Monitoring
There are two production mechanisms for monitoring components of the correlator: katcp sensors and Prometheus metrics.
These have different strengths and weaknesses. Prometheus is highly scalable (so can handle a large number of metrics), supports metric labels, and has a rich ecosystem (such as Grafana for easily visualising metrics). On the other hand, katcp sensors can be more precisely timestamped and support arbitrary string values (often containing structured data) rather than just floating-point.
In general, we use katcp sensors for information that should be archived alongside the data to facilitate its interpretation, as well as sensors that are needed by other subsystems in the MeerKAT telescope. Prometheus metrics are used for detailed health and performance monitoring. However, this rule is not hard-and-fast, and some information is reported via sensors for historical reasons.

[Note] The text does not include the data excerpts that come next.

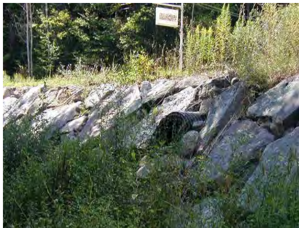
Photo 10. rip-rap along left bank and Rt. 55 with 2' diameter culvert from the road – below Mohr's bridge.

parking lots directly to the creek (Photo 10). Two storm drain outfalls were identified in this management unit during the 2001 Assessment Survey.
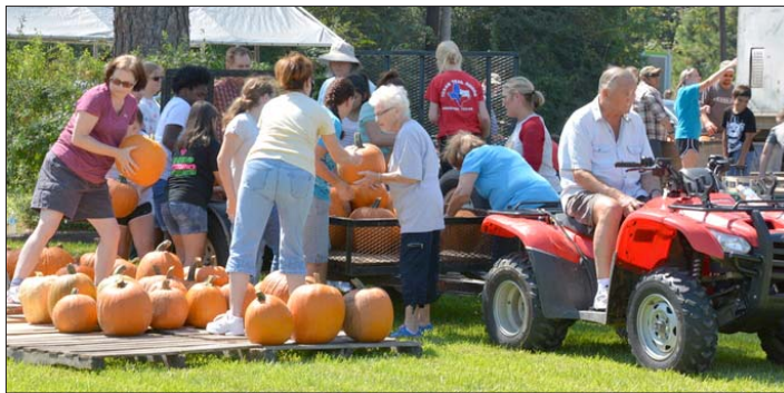
The pumpkins arrive in a tractor trailer and are unloaded by LHUMC members and friends.

The Pumpkin Patch opens Monday, October 8, 2018! Each year for the last 17 years, Lake Houston United Methodist Church has been home to a large Pumpkin Patch with over 1,000 pumpkins with a wide variety of shapes and sizes. Before the opening of the Patch, LHUMC members and
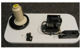
Bobbin winder for both "L" or "M" sized bobbins

The Nolting commercial steel frame. We deliver the machine and frame to your home and provide setup, testing and training. Along with this you get a free bobbin winder, extra bobbins, oil, patterns and a free day of training by our professional quilting trainers.
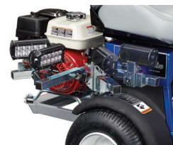
Break-A-Way Light System
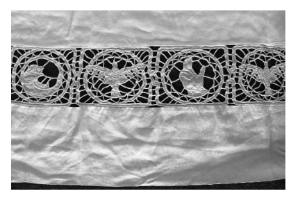
Fig. 9, 10. Embroidered alb. Richelieu technique h – 30 cm; 9 cm. Krustpils.
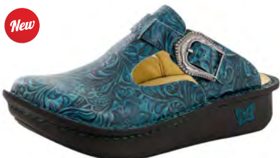
TEAL TOOLED | ALG-425
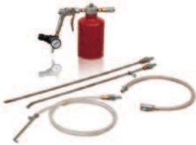
Small portable system Order #KA1022
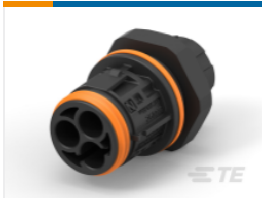
TE Part #2359518-1 NECTOR T, PANEL PIN, SCREW, Key- A

There is a third monitoring mechanism (event monitoring) intended for development purposes.
katcp sensors
The katcp sensors are self-documenting: issuing a ?sensor-list
request to
any of the servers will return a list of the sensors with descriptions. We
thus limit this section to sensors that need a more detailed explanation.
It should be noted that a large number of sensors describing static configuration (number of channels, accumulation length and so on) are provided by the product controller rather than this module.
steady-state-timestamp
This sensor is provided by both
dsim
andfgpu
. It can be used to synchronise katcp requests with the data. After issuing a katcp request that will alter the data stream (such as?signals
,?gain
or?delay
), query the sensor. It will contain an ADC timestamp. Any data received with that timestamp or greater will be up to date with the effects of all prior requests.It should be noted that a
?delay
request with a future load time is considered to have taken effect when the delay model has been updated, even if that load time has not yet been reached.It should also be noted that the sensor value from a
dsim
does not take into account any delays applied by F engines. One should add the delay of the corresponding F engine (or an upper bound on it) to obtain a safe timestamp for post-F engine data streams.signals
,period
anddither-seed
(dsim)To reproduce the output of the dsim exactly, it is necessary to save all three of these sensors, and pass the
dither-seed
back to the--dither-seed
command-line option and the other two to the?signals
request (as well as keeping other command-line arguments the same).
Prometheus metrics
To enable Prometheus metrics for any of the services, pass
--prometheus-port
to specify the port number. The metrics are then
made available at the /metrics
HTTP endpoint on that port. Pointing a web
browser at that endpoint will show the available metrics with their
documentation.
Event monitoring
It is also possible to perform very detailed monitoring of events occurring
within fgpu and xbgpu, particularly related to time spent waiting on queues.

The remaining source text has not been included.